Adamant: Hardest metal
Sunday, January 19, 2003

Chavez says government may quit talks

www.cnn.com Saturday, January 18, 2003 Posted: 10:41 AM EST (1541 GMT)

Chavez delivers annual state of the nation address to Venezuela's congress on Friday.

CARACAS, Venezuela (Reuters) -- Venezuelan President Hugo Chavez said on Saturday his government was considering withdrawing from negotiations with opposition leaders about solving his country's political crisis.

His comments, made by telephone to a late night state television news program in Caracas, raised doubts about the future of peace talks with opposition leaders currently being brokered by Organization of American States Secretary General Cesar Gaviria.

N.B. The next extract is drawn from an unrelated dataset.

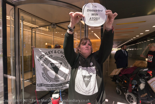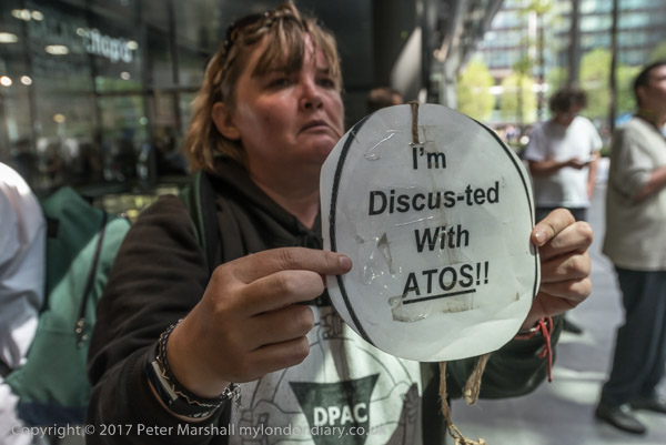 'I'm Discus-ted With Atos'. This protest is a part of the week of

The negotiations are trying to end the conflict behind a 48-day-old opposition strike that has slashed oil output and shipments by the world's No. 5 petroleum exporter.

The strike, called by the opposition to press left-winger Chavez to resign and hold early elections, has caused serious shortages of gasoline, cooking gas and some food items and pushed Venezuela's oil-reliant economy deeper into recession.

Noting that opposition strike leaders condemned him as a "tyrant," Chavez blasted them as "terrorists and fascists," and said there was "no possibility of conversation with them."

He added: "We in the government ... are considering withdrawing our team from the negotiating table because those people (the opposition) are showing no sign that they really want to choose the democratic path."

Chavez, who was elected in 1998 and survived a short-lived coup in April, said his government would consult with Gaviria and decide over the weekend whether or not to stay in the OAS-brokered talks, which have been going on for two months.

While ruling out talks with what he called "terrorist and fascist" strike leaders, he said his government would be willing to talk to more moderate "democratic" opposition representatives who were "not coup mongerers."

The Venezuelan leader spoke shortly before flying to Brazil for talks with President Luiz Inacio Lula da Silva on international efforts to back the OAS peace negotiations.

Latin American leaders this week created a six-nation "group of friends" to support OAS chief Gaviria's efforts to broker a peace deal on the key issue of the possible timing of elections in Venezuela to solve the political crisis.

The group comprised the United States, Brazil, Chile, Mexico, Spain and Portugal. But Chavez, who held talks this week with U.N. Secretary General Kofi Annan in New York, said he wanted the "friends" group to be expanded to include other nations like China, Russia and France.

Troops raid Coca-Cola plant

Venezuelan National Guard Gen. Felipe Acosta, center, inspects the storage area of a Coca-Cola - Panamco bottling plant Friday.

Chavez has vowed to break the opposition strike, now in its seventh week, sending troops to take over strike-hit oil fields, refineries and export terminals. But the government has had only partial success so far in restoring oil operations.

Following Chavez's orders, troops Friday seized drink products from a bottling affiliate of Coca-Cola Co. (KO.N) and from a major local brewer in Carabobo state, west of Caracas.

The confiscation, carried out by a fiercely pro-Chavez National Guard general who said he was acting against alleged hoarders, was furiously condemned as an illegal attack against private property by opposition leaders.

Chavez was unrepentant about the military raids on the drinks plants, saying they would be repeated if necessary to ensure food supplies were not disrupted by the strike.

"We can't be sitting wasting our time at a table while they (the opposition) try to generate chaos in the country," he said in his comments early Saturday.

Three opposition leaders traveled this week to the United States where they met U.S. government officials and accused Chavez of ruining Venezuela's economy with his populist reforms. Chavez says his self-styled "revolution" aims to help the country's poor majority.

Rejecting opposition calls for early elections, Chavez has told them they must wait until after August 19, when the constitution allows for a binding referendum on his rule. His current term is scheduled to end in early 2007.